For cross-account scenarios (the deploy role in the Prod account needs to decrypt artifacts encrypted by the Shared Services account KMS key), you need to grant permissions in two places: the KMS key policy must list the external role's ARN, and the role's IAM policy in the target account must grant the KMS decrypt action.
💡 Pro Tip: Enable KMS key rotation (annual automatic rotation) and set up CloudWatch Alarms on
kms:Decryptcalls that significantly exceed the baseline.
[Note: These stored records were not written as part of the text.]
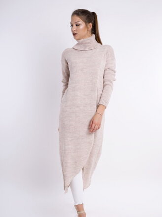 (17711)Dámsky oversize sveter ISABELL cappuccino – hrubý pletený úplet, široké rukávy, rolák a moderná oversize dĺžka vhodná ako sveter aj pletené šaty. Trendový hrejivý sveter v neutrálnej cappuccino farbe na jeseň a zimu.
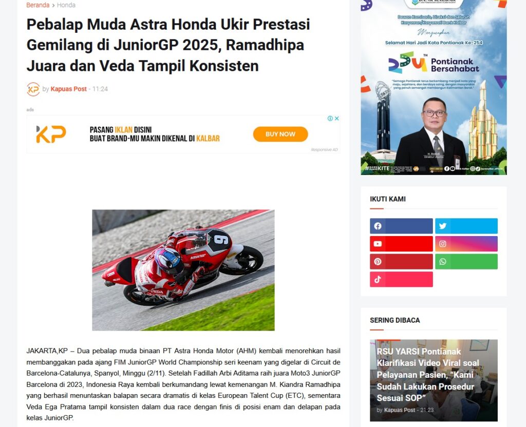 Pebalap Muda Astra Honda Ukir Prestasi Gemilang di JuniorGP 2025, Ramadhipa Juara dan Veda Tampil Konsisten by Muhammad Arif 5 November 2025 in Silahkan kunjungi https://www.kapuaspost.web.id/2025/11/pebalap-muda-astra-honda-ukir-prestasi.html. Tags: astra Astra Motor kalbar Astra Motor Pontianak astramotor honda kalbar pontianak sepeda motor You Might Like Regional Public Launching New ADV160 The SUV Pride Grand Launching New PCX 160 Truly Exceptional! Tetap hati-hati ya bro sist berkendara saat hujan.
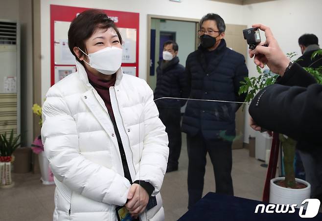 (부산=뉴스1) 여주연 기자 = 이언주 국민의힘 부산시장 예비후보가 11일 오후 부산 부산진구 이언주 선거사무소에서 취재진과 대화를 나누고 있다. 이날 안철수 국민의당 대표가 후보의 선거사무소에 격려차 방문할 예정이었지만 안 대표 측이 방문 취소 의사를 전달해 만남이 무산됐다. 2021.1.11/뉴스1
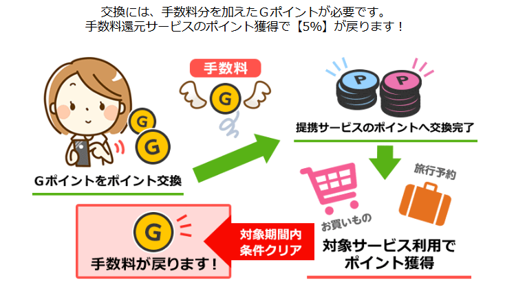 Gポイント経由で交換手数料が無料にする方法は以下の通りです。
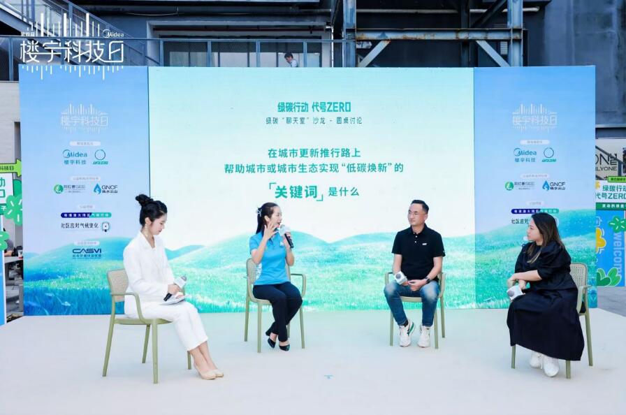 在長滿“花”的煙囪下方,多位重磅嘉賓在美的樓宇科技特邀下參與綠碳“聊天室”沙龍,共聚暢聊減碳新模式。

A sudden spike in decrypt calls can indicate credential compromise where an attacker is exfiltrating data.
IAM Permission Boundary Mechanics
Permission boundaries are one of the most misunderstood IAM concepts, but in a DevSecOps context they're indispensable — particularly for CI/CD pipelines that need to create IAM roles.
The core problem they solve: Your CodePipeline deploy stage needs to create IAM roles for new Lambda functions or ECS task definitions. But if the deploy role has iam:CreateRole, it can theoretically create a role with AdministratorAccess — which is a privilege escalation path. This is why security teams often block CI/CD pipelines from touching IAM at all, which breaks modern IaC workflows.
The permission boundary solution: A permission boundary is a managed IAM policy that you attach to a role, which acts as a ceiling on what permissions that role can ever have — regardless of what policies are directly attached to it. The effective permissions are the intersection of what the identity policy allows AND what the boundary allows.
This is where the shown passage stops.